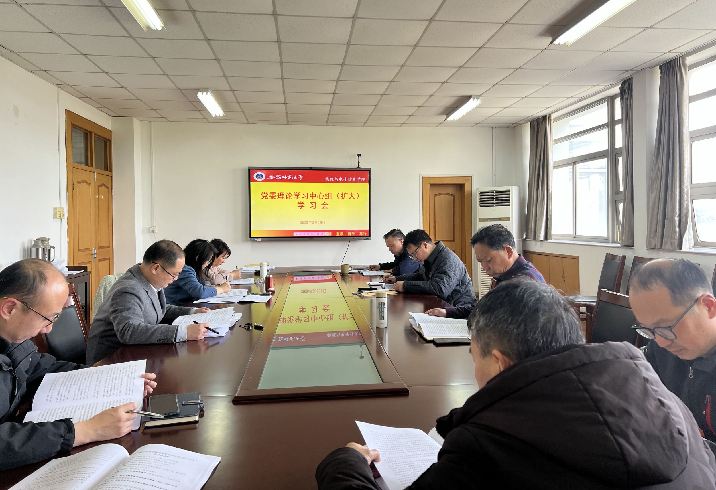 3月10日下午,必赢线路检测3003no1召开党委理论学习中心组(扩大)学习会,集中传达学习全国两会精神和《教育强国建设规划纲要》,传达学习上级有关会议和文件精神,研究布置学院落实工作。党委副书记、院长吕建平主持会议并讲话。院党委委员参加会议,各系主任列席会议。
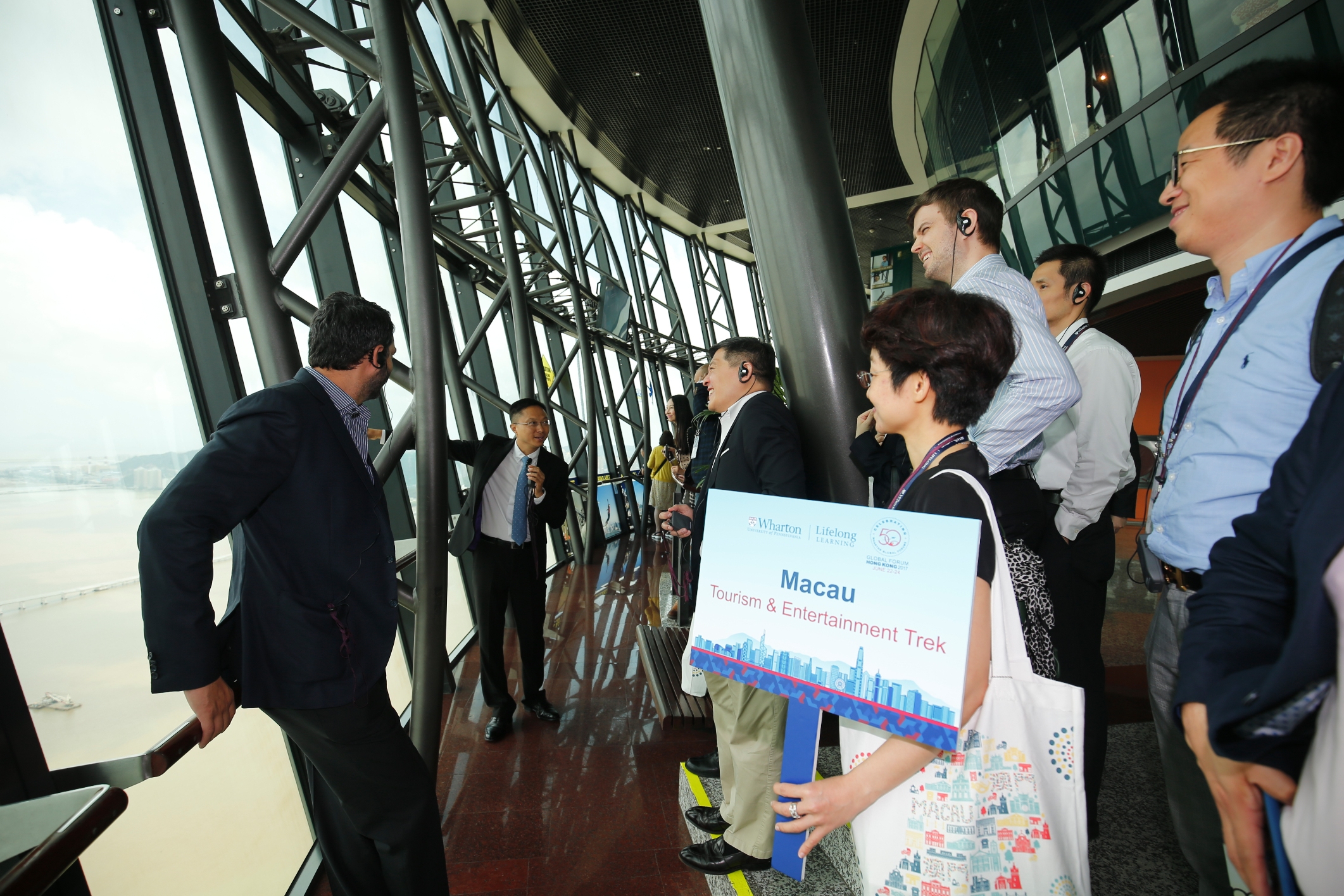 早上,考察團一行30人從香港赴澳,旅遊局為他們特設一個與旅遊及商務相關的介紹會,並邀請三個政府部門的領導擔任演講嘉賓,連同旅遊局局長文綺華講解澳門最新的基建項目、投資環境、旅遊及娛樂等發展情況。當中包括澳門博彩監察協調局局長陳達夫、澳門交通事務局局長林衍新及澳門貿易投資促進局代主席劉關華。會上,旅遊局局長文綺華歡迎考察團,而沃頓商學院代表亦為豐富的行程及交流活動等安排向旅遊局致謝。介紹會完畢後,考察團到旅遊塔58樓觀光廊俯瞰澳門及珠海的景色,並遙望港珠澳大橋大型基建項目及新城填海區等。
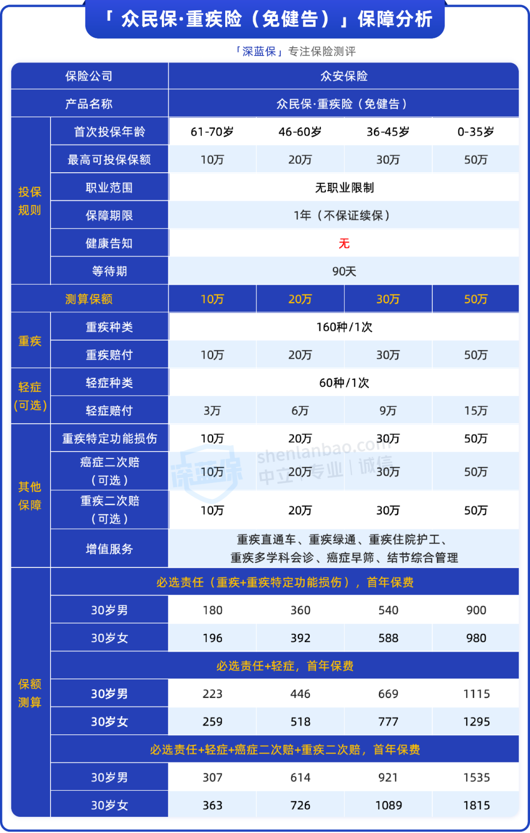 从整体来看,众民保·重疾险保障内容简单,不用健康告知,投保门槛宽松,适合当下身体情况有异常的朋友入手。
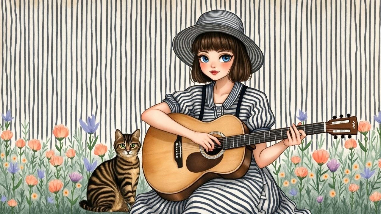 (Try from LoveCat) - A young girl with a bob hairstyle, wearing a striped dress and hat, plays guitar beside a tabby cat. She is surrounded by colorful flowers against a striped background.
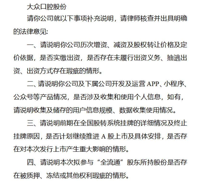 2025年2月14日,中国证券监督管理委员会发布的《境外发行上市备案补充材料要求公示(2025年2月7日 - 2025年2月13日)》显示,大众口腔需要就多个事项进行补充说明,包括股权变动历史沿革、信息收集和使用、新三板挂牌问题及后续计划以及是否存在股权瑕疵等问题。
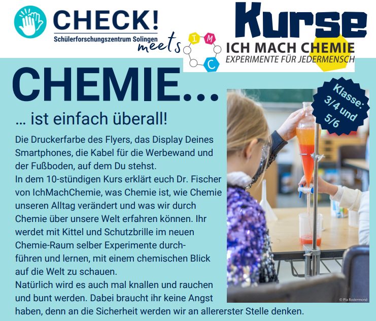 Nach Ostern wird das erste Chemie-Labor, das ich konzipiert habe, in Solingen eingeweiht: Check! Dieses ist Teil der Aktivitäten der Wirtschaftsförderung Solingen. Ab 26. April startet ein 10-stündiger Chemie-Kurs, jeweils Freitags nachmittags für Kinder der 3. bis 6. Klasse.
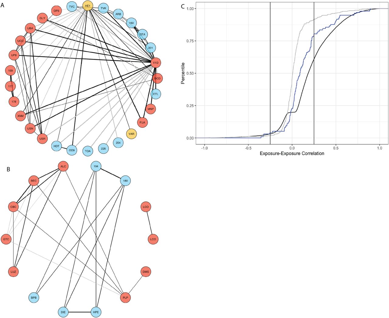 Some exposure pairs associate with phenotypes in strikingly similar ways:
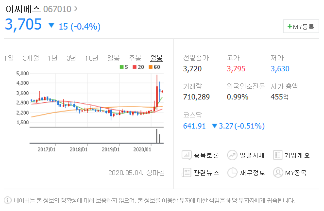 네번째는 이씨에스입니다. [ 067010 ]
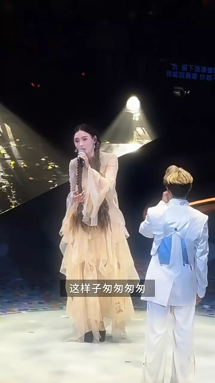 當晚,久未在香港公開露面的張柏芝,以一套飄逸的金色薄紗裙,配搭清新的孖辮造型亮相,仙氣十足。她與林家謙驚喜合唱其經典代表作《任何天氣》及《留給最愛的說話》,熟悉的旋律瞬間勾起全場觀眾的集體回憶,掌聲與歡呼聲此起彼落,氣氛達到頂點。
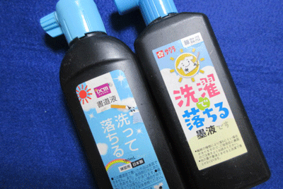 実は、「洗って落ちる系の墨」って、「墨汁」ではなく、「墨汁に近い、カラーインク」なんですよね。
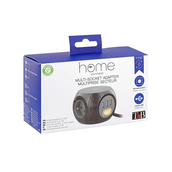 TNB USB хъб PSBALLBK, мултифункционален, 2 в 1, 3 порта, черен
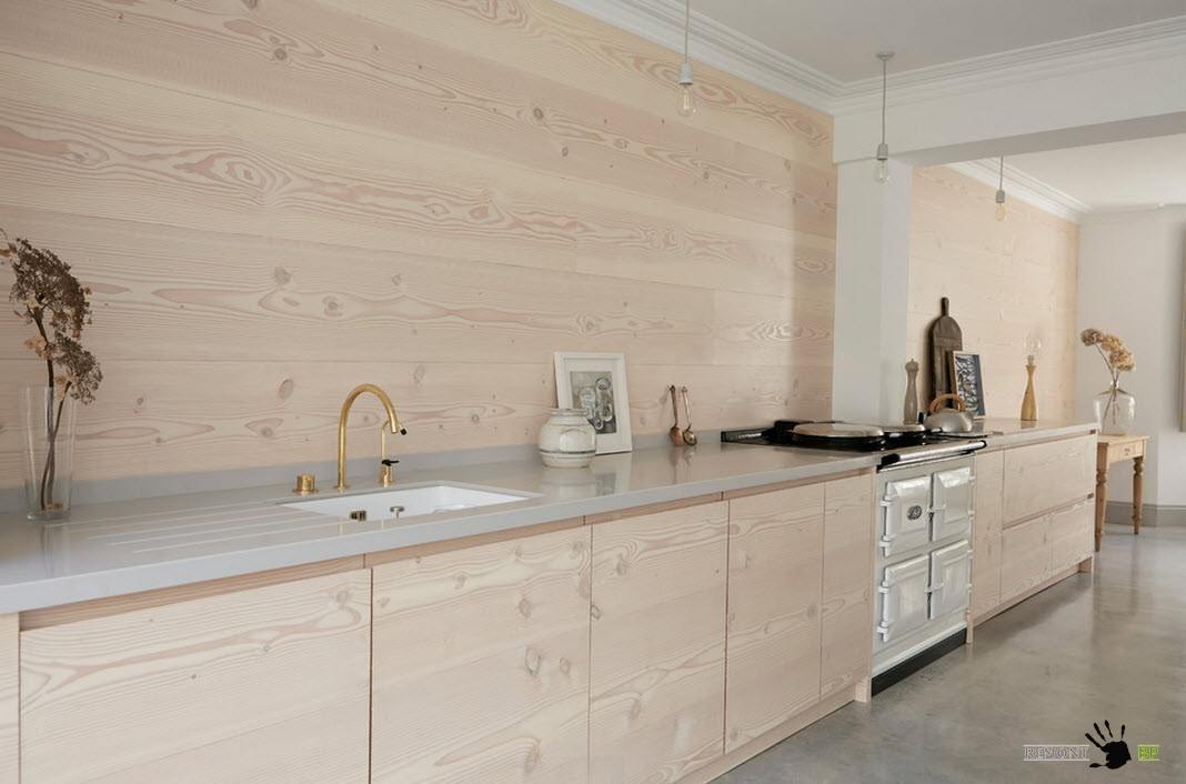 При использовании настолько длинного помещения, можно ограничиться применением лишь нижнего яруса кухонных систем хранения, освободив поверхность от рабочих зон до потолка для большего ощущения простора. Гладкие фасады кухонных шкафов и отделка стены над ними предоставляет возможность любоваться структурой древесины, ее природным рисунком, не отвлекаясь на декор или какие-либо кухонные аксессуары.
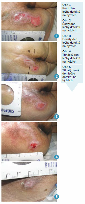 Dva defekty lokalizovány v oblasti hýždí. Průběh hojení je ilustrován na fotografiích 1–5 (graf 3 a 4, fotografie 1–5).
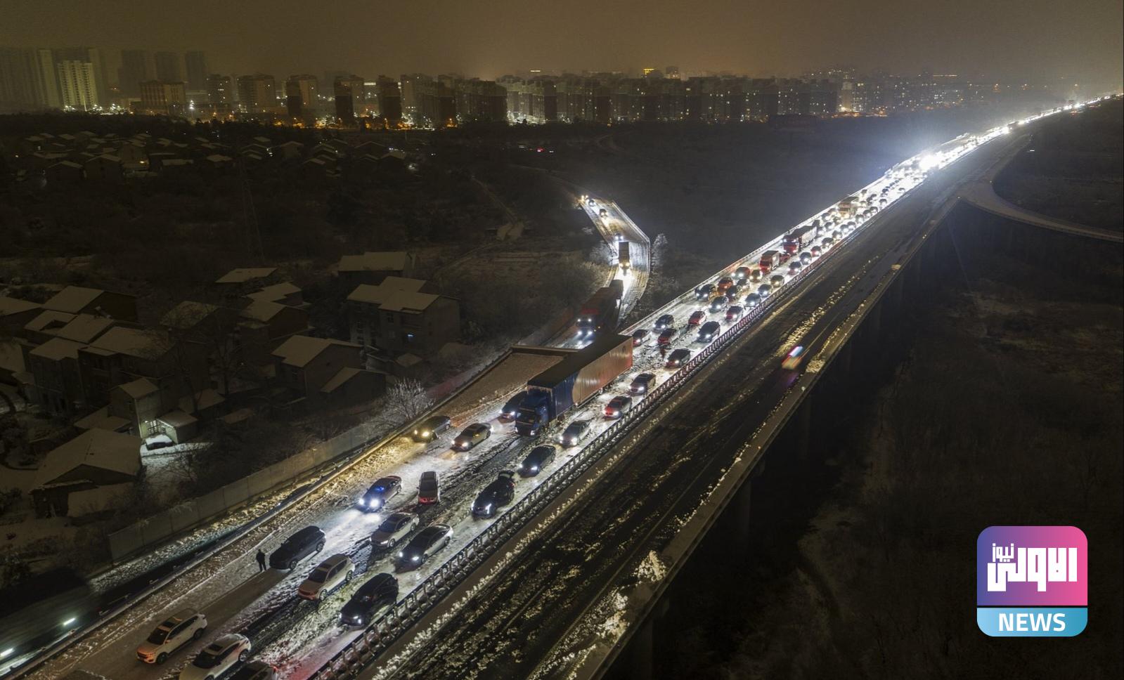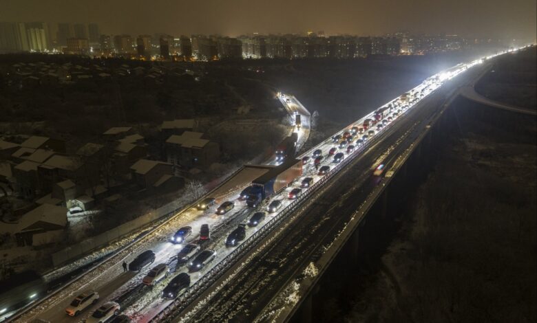 علقت آلاف السيارات على الطرق السريعة وسط الصين بسبب الثلوج التي عطّلت السفر عبر البلاد في ذروة احتفالات السنة القمرية الجديدة.
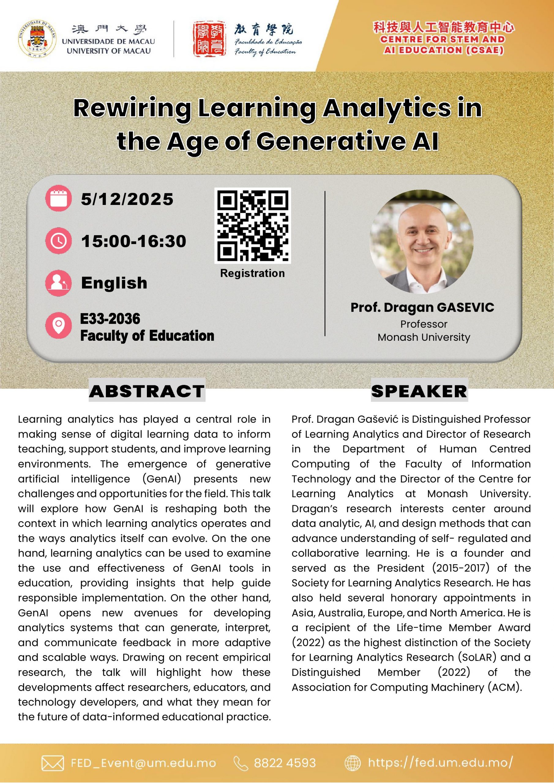 FED-CSAE Seminar: “Rewiring Learning Analytics in the Age of Generative AI”

_ _ _ _

EXERCISE DESCRIPTION – No pictures belong in the copy; output every record exactly.

ANSWER SECTION –
 3月10日下午,必赢线路检测3003no1召开党委理论学习中心组(扩大)学习会,集中传达学习全国两会精神和《教育强国建设规划纲要》,传达学习上级有关会议和文件精神,研究布置学院落实工作。党委副书记、院长吕建平主持会议并讲话。院党委委员参加会议,各系主任列席会议。
 早上,考察團一行30人從香港赴澳,旅遊局為他們特設一個與旅遊及商務相關的介紹會,並邀請三個政府部門的領導擔任演講嘉賓,連同旅遊局局長文綺華講解澳門最新的基建項目、投資環境、旅遊及娛樂等發展情況。當中包括澳門博彩監察協調局局長陳達夫、澳門交通事務局局長林衍新及澳門貿易投資促進局代主席劉關華。會上,旅遊局局長文綺華歡迎考察團,而沃頓商學院代表亦為豐富的行程及交流活動等安排向旅遊局致謝。介紹會完畢後,考察團到旅遊塔58樓觀光廊俯瞰澳門及珠海的景色,並遙望港珠澳大橋大型基建項目及新城填海區等。
 从整体来看,众民保·重疾险保障内容简单,不用健康告知,投保门槛宽松,适合当下身体情况有异常的朋友入手。
 (Try from LoveCat) - A young girl with a bob hairstyle, wearing a striped dress and hat, plays guitar beside a tabby cat. She is surrounded by colorful flowers against a striped background.
 2025年2月14日,中国证券监督管理委员会发布的《境外发行上市备案补充材料要求公示(2025年2月7日 - 2025年2月13日)》显示,大众口腔需要就多个事项进行补充说明,包括股权变动历史沿革、信息收集和使用、新三板挂牌问题及后续计划以及是否存在股权瑕疵等问题。
 Nach Ostern wird das erste Chemie-Labor, das ich konzipiert habe, in Solingen eingeweiht: Check! Dieses ist Teil der Aktivitäten der Wirtschaftsförderung Solingen. Ab 26. April startet ein 10-stündiger Chemie-Kurs, jeweils Freitags nachmittags für Kinder der 3. bis 6. Klasse.
 Some exposure pairs associate with phenotypes in strikingly similar ways:
 네번째는 이씨에스입니다. [ 067010 ]
 當晚,久未在香港公開露面的張柏芝,以一套飄逸的金色薄紗裙,配搭清新的孖辮造型亮相,仙氣十足。她與林家謙驚喜合唱其經典代表作《任何天氣》及《留給最愛的說話》,熟悉的旋律瞬間勾起全場觀眾的集體回憶,掌聲與歡呼聲此起彼落,氣氛達到頂點。
 実は、「洗って落ちる系の墨」って、「墨汁」ではなく、「墨汁に近い、カラーインク」なんですよね。
 TNB USB хъб PSBALLBK, мултифункционален, 2 в 1, 3 порта, черен
 При использовании настолько длинного помещения, можно ограничиться применением лишь нижнего яруса кухонных систем хранения, освободив поверхность от рабочих зон до потолка для большего ощущения простора. Гладкие фасады кухонных шкафов и отделка стены над ними предоставляет возможность любоваться структурой древесины, ее природным рисунком, не отвлекаясь на декор или какие-либо кухонные аксессуары.
 Dva defekty lokalizovány v oblasti hýždí. Průběh hojení je ilustrován na fotografiích 1–5 (graf 3 a 4, fotografie 1–5).
 علقت آلاف السيارات على الطرق السريعة وسط الصين بسبب الثلوج التي عطّلت السفر عبر البلاد في ذروة احتفالات السنة القمرية الجديدة.
 FED-CSAE Seminar: “Rewiring Learning Analytics in the Age of Generative AI”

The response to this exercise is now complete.